My Secret Life as a Spaghetti Coder
home | about | contact | privacy statement | getting started with cfrails
In an effort to bring about a discussion (and hopefully diffuse some information on) scaling, last week I told the story of Origin Shabamtech and Gulfomatic's Solutioneers, bringing about an open question regarding the myth of how Gulfomatic solved Shabamtech's scaling woes.

After telling the story, I asked,
I want to figure out the mystery. Do you have any ideas? How would you determine what's causing the site to crash? What might you look at? What might you do to fix it?
A typical infrastructure diagram
A typical infrastructure diagram, from Force10 Networks.

Let's recount what we know about the situation:
  • It was making a ton of money.
  • There was an application running it.
  • There was no source code for the application, and no vendor to contact to get it.
  • The application had to access a database by knowing the DB file location.
  • Gulfomatic's Solutioneers tried several potential solutions before finding the one that worked
That's all we know initially. What does that tell us?

  • Our solution needs to be implemented quickly, and we have money to spend if we need to.
  • Even if the application itself is the cause of our problems, we can't change it because we lack the source code, so our solution has to be done outside of the app itself.
  • Whatever solution we come up with has to take into account the fact that we're using a file path to access a database.
  • You can work methodically - trying the simplest solutions first, and revise them as more information presents itself.
But where do we go from here? The answer came from shag in the comments to the original post:
any clue as to what we're working with here? what kind of app are we talking about? what are the pieces in the puzzle that makes it go? what are the symptoms? what kind of access do we have? what kind of layers to we have? what kind of hardware do we have? what kind of os do we have?

i think we need to address what we are dealing with prior to the how to resolve the problem.

that being said, from a high level (and i mean like jupiter), some basic things are:

- identify symptoms
- scour logs
We start by identifying the symptoms.
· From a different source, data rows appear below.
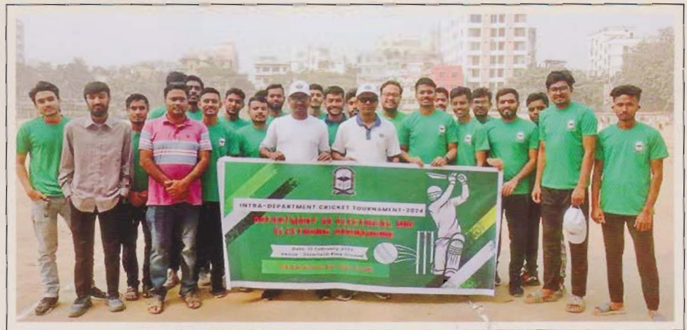
Participants and Organizers of Intra-Department Cricket Tournament 2024
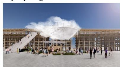
Pop-Up Stage Inner East
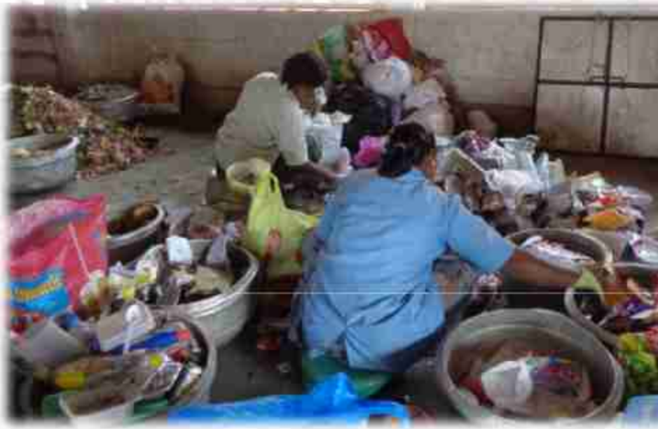
Image: Cleanliness activity under progress

This GP has set a fine example of collective efforts. Among many, a commendable positive outcome to mention is that skill education/trainings provided to women in jewelry making, stitching and embroidery etc. has proved to be an important and probably the only source of income through market sale of the products thus improving the rural economy as a whole.
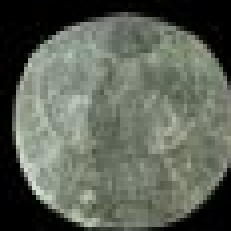
Brachiopod Rhipidomella penelope
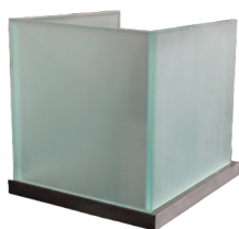
3M GLUE OR SILICONE

In this case, the application is crashing. What are the potential bottlenecks in the system that might cause it to crash? Are we lacking bandwidth? Is the web server crawling to a halt? Is the application itself using too many resources? Can the DB handle the load being thrown its way? Maybe the combination of these things is just causing the computer to crash.
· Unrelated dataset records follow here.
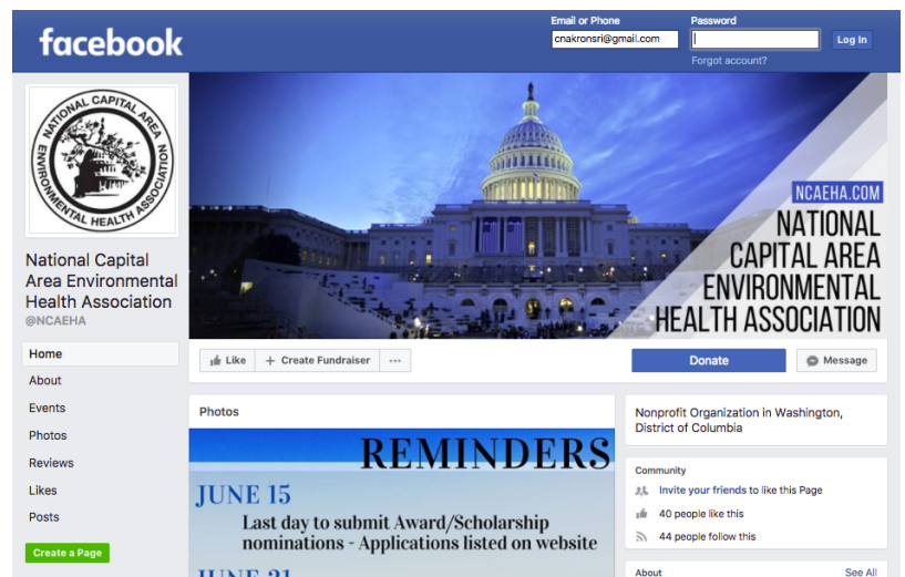
Left: NCAEHA's new social media presence on Facebook. Follow us at: www.facebook.com/ncaeha
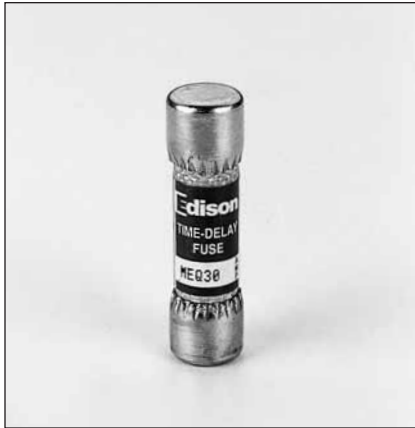
Catalog No. MEQ (0.1 - 30A) 500Vac or Less Time-Delay
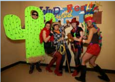
Wild, Wild Rests
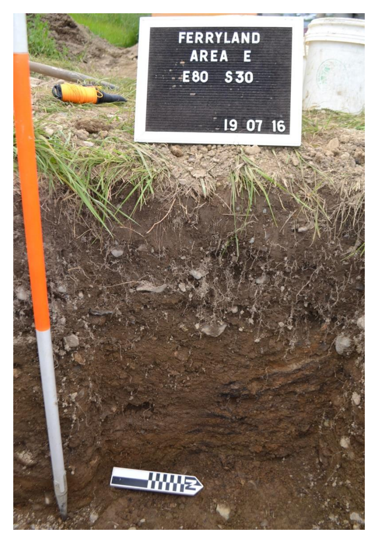
Figure 11: Multiple organic lenses at the bottom half of the profile shows the remains of the earthen rampart.

During the second and third weeks, excavation took place on the hill to the south of the settlement (Ferryland Area E). A preliminary test trench was first dug at the terrace edge directly west of the bastion earthwork. When, at 90 cm dbs, no graves or subsoil were encountered, the area started to become interesting for other reasons. Along the trench walls on the north end, nearest to the hill slope, multiple lenses of black organic material were visible in the profile beginning at 42cm dbs and continuing down to subsoil at 95cm dbs. These were identified as the remains of stacked sods that once formed an earthen rampart (Figure 11). Immediately south was the remains of an infilled ditch, which together comprised the southern defenses at Avalon. The discovery of these features meant that the entire crest of the landform should be devoid of graves and so no further testing was initiated.
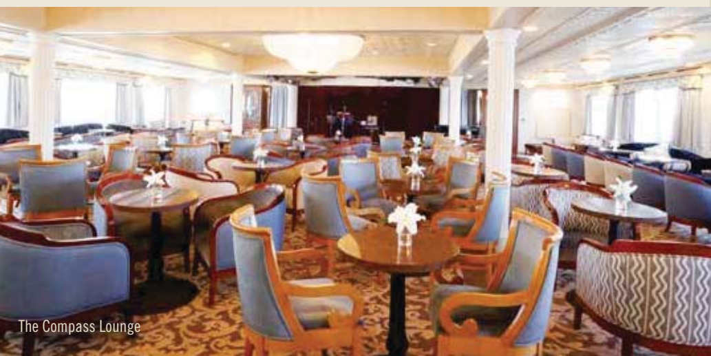
The Compass Lounge

Victory Cruise Lines may modify the cruise itinerary up to and during the voyage. All cruise accommodations and shore excursions are arranged by Victory Cruise Lines, which may use other suppliers or providers to render services. The agreement in this brochure is the exclusive and entire statement of the agreement between you and Go Next, Inc. It should be read carefully.
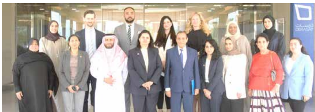
Participants in the dialogue session

opportunity to express their opinions, contribute ideas, and discuss potential collaborations in support of sustainable development initiatives.
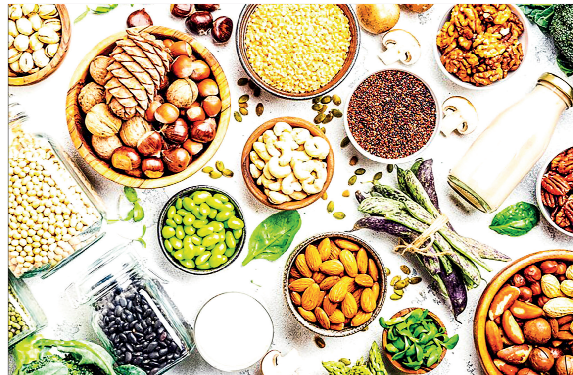
When people reduce meat, they typically eat far more plant-based foods if they can choose healthy options.

Reading the logs and monitoring the different processes will probably give you an idea of who is the culprit.

Check the application logs if it has them. Check the web server and DB logs. Check your OS logs. Just like in programming, you cannot just make changes in random places to improve performance. You need to analyze the system's behavior to find the bottleneck, which will tell you where your changes will be most effective.

That gives us several potential bottlenecks:
  • Insufficient computational ability in processor speed, disk space / speed, or memory. Completely a hardware problem.
  • The web server + database + application combined are just too much for the current hardware to handle.
  • The database itself just cannot handle the number of requests being sent its way.
  • The application (which lacks source code!) is the bottleneck. It hogs processor cycles and memory like a squirrel hoards nuts.
(What did I miss?)

Given what we know about the situation, what would you do in each scenario?
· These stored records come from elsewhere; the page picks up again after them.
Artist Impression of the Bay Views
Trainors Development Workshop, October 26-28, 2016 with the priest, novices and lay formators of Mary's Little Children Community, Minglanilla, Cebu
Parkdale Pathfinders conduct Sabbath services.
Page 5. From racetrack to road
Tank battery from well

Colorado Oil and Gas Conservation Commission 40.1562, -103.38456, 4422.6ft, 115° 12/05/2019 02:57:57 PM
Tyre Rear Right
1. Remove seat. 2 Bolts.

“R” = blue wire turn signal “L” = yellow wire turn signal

Hey! Why don't you make your life easier and subscribe to the full post or short blurb RSS feed? I'm so confident you'll love my smelly pasta plate wisdom that I'm offering a no-strings-attached, lifetime money back guarantee!


Comments
Leave a comment

Do we know anything more than we did a couple of days ago? I suppose I will have to answer some of my own questions.

We now know that our db connection is file based. This would lean towards foxpro, access, sql server, sqlite, derby, txt, xml....

We know there is a web interface.

We know we are dealing with compiled code (due to lack or source code). That leans towards .net or jsp flavor

I think this info is important, as the approach to the solution may be different for each (besides my knowledge of each is different).

Hardware:
I would think this is the easiest. You should be able to add to the hardware in the current box. In many cases, you should also be able to copy it to another box and test it as an option.

One box to many:
This could be tricky. Where does the db reside? Is it on the same disk as the OS? Is there a configuration setting that would allow me to change the location? If we can change the drive, or it is not on the OS drive, we should be able to add another box and place the db on it. We can access the disk via an ssh drive or through a hardware connection such as fiber channel. We should be able to even split off the web service and the backend process.

DB handling:
This could be tricky. Is it the DB, or the DB configuration? Could it be an index issue? Perhaps we could migrate from Access to SQL Server. Perhaps we could add a layer and let the file based call be a proxy to a new db. Either my knowledge is limited, or there are to many unknowns to be able to address this.

Application:
Again, this depends on the language/type of the application. There are different tools for different code. I am certain there is a decompiler for each though. I would absolutely use this if necessary to get under the hood. I would first look for application logs. I would turn to a performance monitor to find out if it is network calls, a certain thread spawning off. I would also want to peek at the db, to see what type of activities were going on at the time it ran out of control.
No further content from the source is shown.